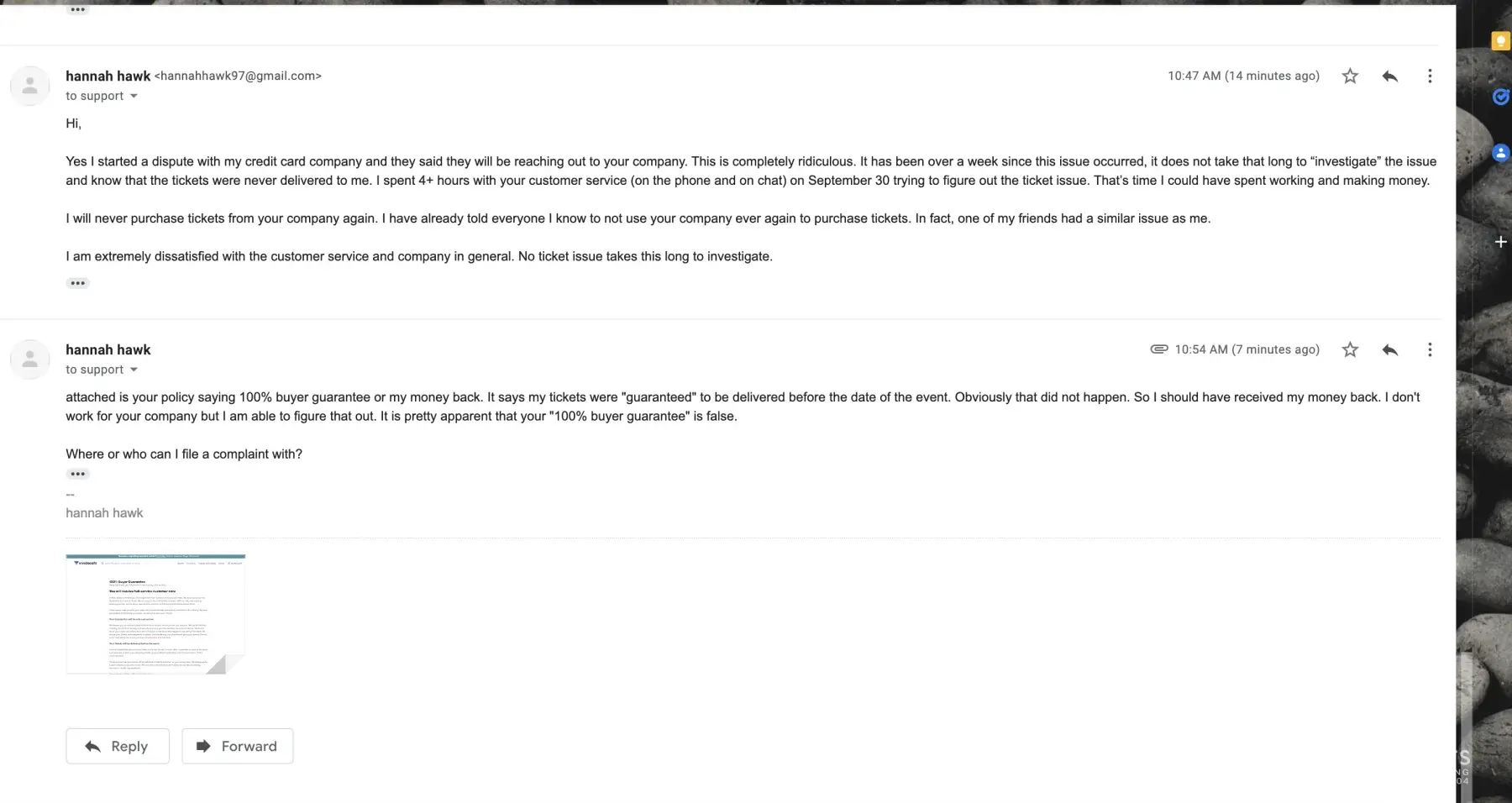 I had ordered tickets for a sporting event. It was the day of the event and my tickets were still not available on my account. I sat on the phone and chat with Vivid Seats customer service for 4+ hours on the day of the event. The tickets were still never delivered to me. I reached out to support the night of the event (after the event was over) asking for a refund, following their "100% Buyer Guarantee" policy, and still never received a refund and it has been over a week now. Every email I sent, they would reply saying "it is still being investigated." They said they would send me a form to fill out, they never sent the form (no surprise) and then told me it (again) has to be investigated. I finally decided to dispute the charge on my credit card so now my credit card company has been reaching out to them to figure out the issue (even though it is a simple and obvious issue).
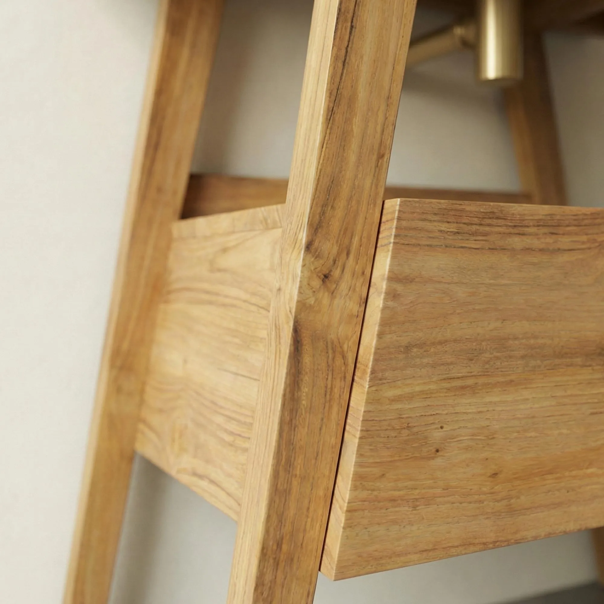Fabriqué avec soin en Teck massif, ce meuble de salle de bain incarne la beauté naturelle et la durabilité du bois exotique. Les finitions en Teck mettent en valeur son aspect authentique et élégant, tandis que la conception unique des pieds en trapèze ajoute une touche de modernité et de sophistication à l'ensemble.
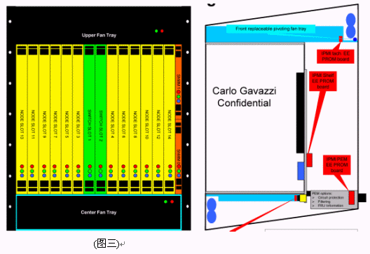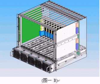 我們可以看到當今市面上已有相關的零件商或系統(tǒng)商開發(fā)出14U或13U,12U的ATCA機箱。就ATCA機箱的型式來說可以分為直立型插卡與橫向型插卡兩種類型。直立式插卡機箱的標準為14槽(參考圖一B),而橫向型機箱因受限于機箱高度,所以視其高度決定槽數的多少。 ATCA的架構主要包括以下部分:正面插槽,RTM,PEM,背板,CMMs,散熱系統(tǒng)。(參考圖一與圖二)

----------------------------------------

Without the pictures, output the full listing exactly as it stands.

▶ **Task answer**:
 I had ordered tickets for a sporting event. It was the day of the event and my tickets were still not available on my account. I sat on the phone and chat with Vivid Seats customer service for 4+ hours on the day of the event. The tickets were still never delivered to me. I reached out to support the night of the event (after the event was over) asking for a refund, following their "100% Buyer Guarantee" policy, and still never received a refund and it has been over a week now. Every email I sent, they would reply saying "it is still being investigated." They said they would send me a form to fill out, they never sent the form (no surprise) and then told me it (again) has to be investigated. I finally decided to dispute the charge on my credit card so now my credit card company has been reaching out to them to figure out the issue (even though it is a simple and obvious issue).
Fabriqué avec soin en Teck massif, ce meuble de salle de bain incarne la beauté naturelle et la durabilité du bois exotique. Les finitions en Teck mettent en valeur son aspect authentique et élégant, tandis que la conception unique des pieds en trapèze ajoute une touche de modernité et de sophistication à l'ensemble.
 我們可以看到當今市面上已有相關的零件商或系統(tǒng)商開發(fā)出14U或13U,12U的ATCA機箱。就ATCA機箱的型式來說可以分為直立型插卡與橫向型插卡兩種類型。直立式插卡機箱的標準為14槽(參考圖一B),而橫向型機箱因受限于機箱高度,所以視其高度決定槽數的多少。 ATCA的架構主要包括以下部分:正面插槽,RTM,PEM,背板,CMMs,散熱系統(tǒng)。(參考圖一與圖二)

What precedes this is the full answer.